Member of the Nebraska Legislature from the 40th district
- In office 2011–2019
- Preceded by: Cap Dierks
- Succeeded by: Tim Gragert

Personal details
- Born: April 16, 1986 (age 40) Fort Carson, Colorado, U.S.
- Party: Republican
- Education: Georgetown University (BA)

= Tyson Larson =

American politician

Tyson Larson (born April 16, 1986) is an American politician who served as a member of the Nebraska Legislature for the 40th district from 2011 to 2019.
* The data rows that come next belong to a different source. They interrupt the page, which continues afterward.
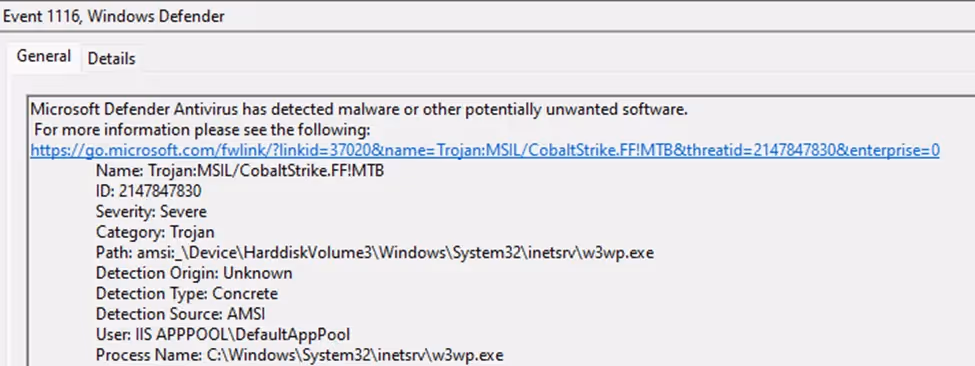 Our adversary subsequently re-exploited the vulnerability to deploy password-protected webshells in multiple locations within the application including the “/Images” directory, in-memory Godzilla webshell, along with other post-exploitation tools such Cobalt Strike. Many of these attempts were blocked by the antivirus solution.
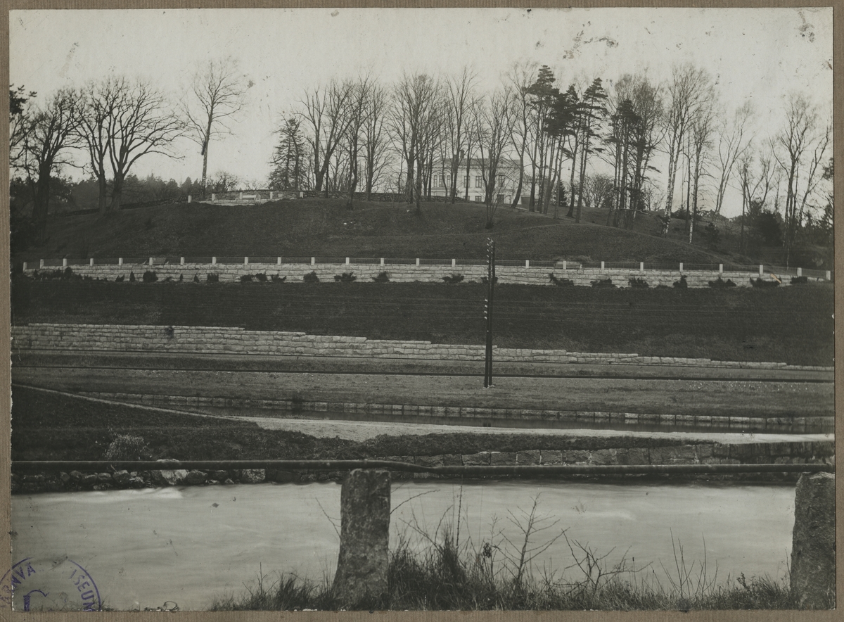 Dubbelspårsbanbyggnad Göteborg - Alingsås. Stödmurar vid herrgården i Jonsered, år 1916.
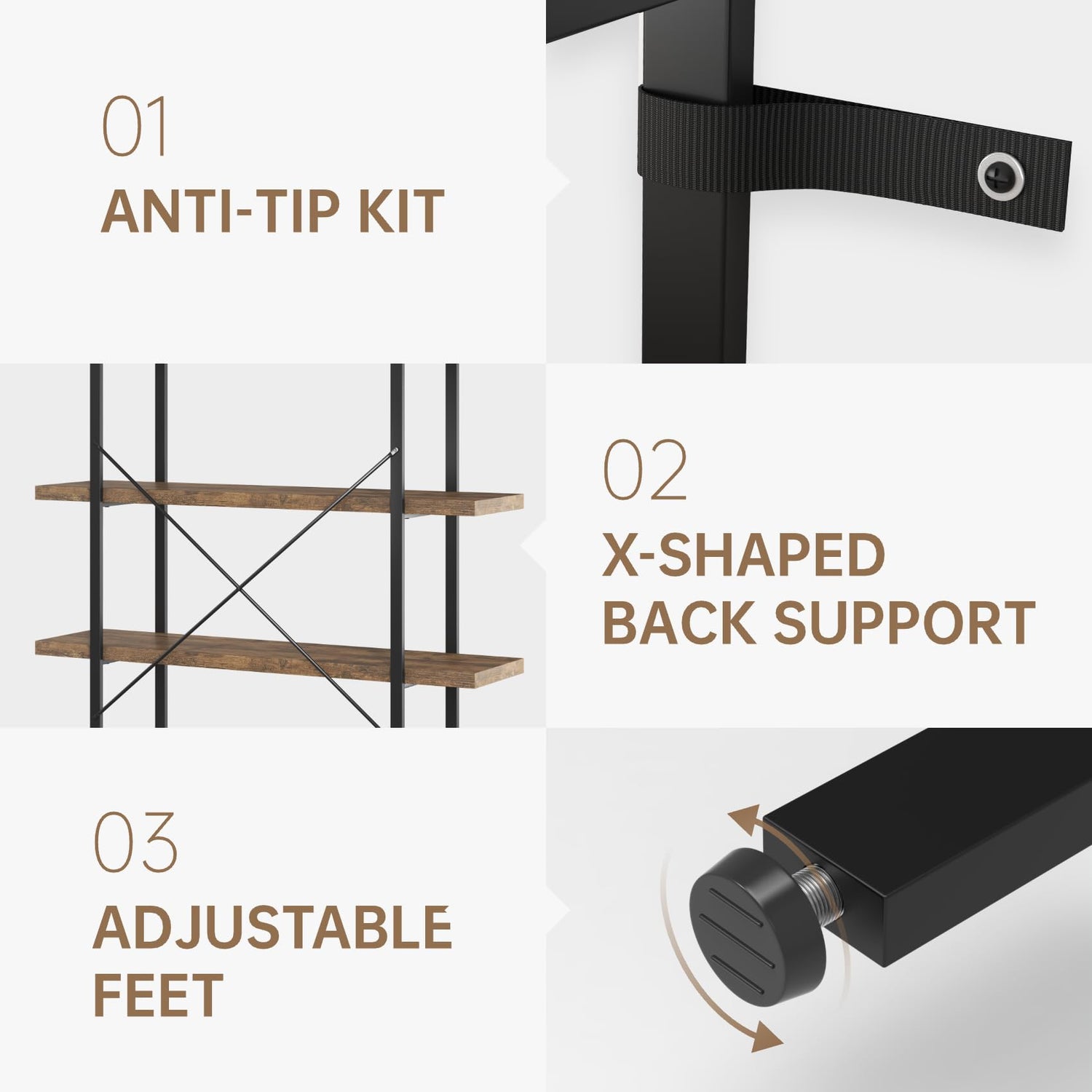 Designed for stability and durability, this bookshelf can bear heavy items with confidence. The matte black steel frame features X-shaped support, adjustable feet, and two anti-tip devices, ensuring it remains stable and secure in any environment.

==Early life and education==

Larson was born in Fort Carson, Colorado. He graduated from Weeping Water High School in Weeping Water, Nebraska, in 2004. He earned a Bachelor of Arts degree in government and theology from Georgetown University in 2008.

==Career==
In 2010 Larson defeated 20-year incumbent Senator Cap Dierks and was elected to represent the 40th Nebraska legislative district.

During his first two years in the Legislature, Larson sat on the Agriculture, Enrollment and Review (Chairman), General Affairs, Judiciary, and State-Tribal Relations committees. During his third and fourth years in the Legislature, he helped to develop and coordinate the state's $8.5 billion budget on the Appropriations committee.

In 2014, Larson ran for re-election, defeating challenger Keith Kube with over 67% of the vote. Upon returning to the Legislature, Larson was elected to be Chairman of the General Affairs committee and served on the Agriculture and Government committees. Larson was also selected by his colleagues to serve on the Legislature's Executive Board.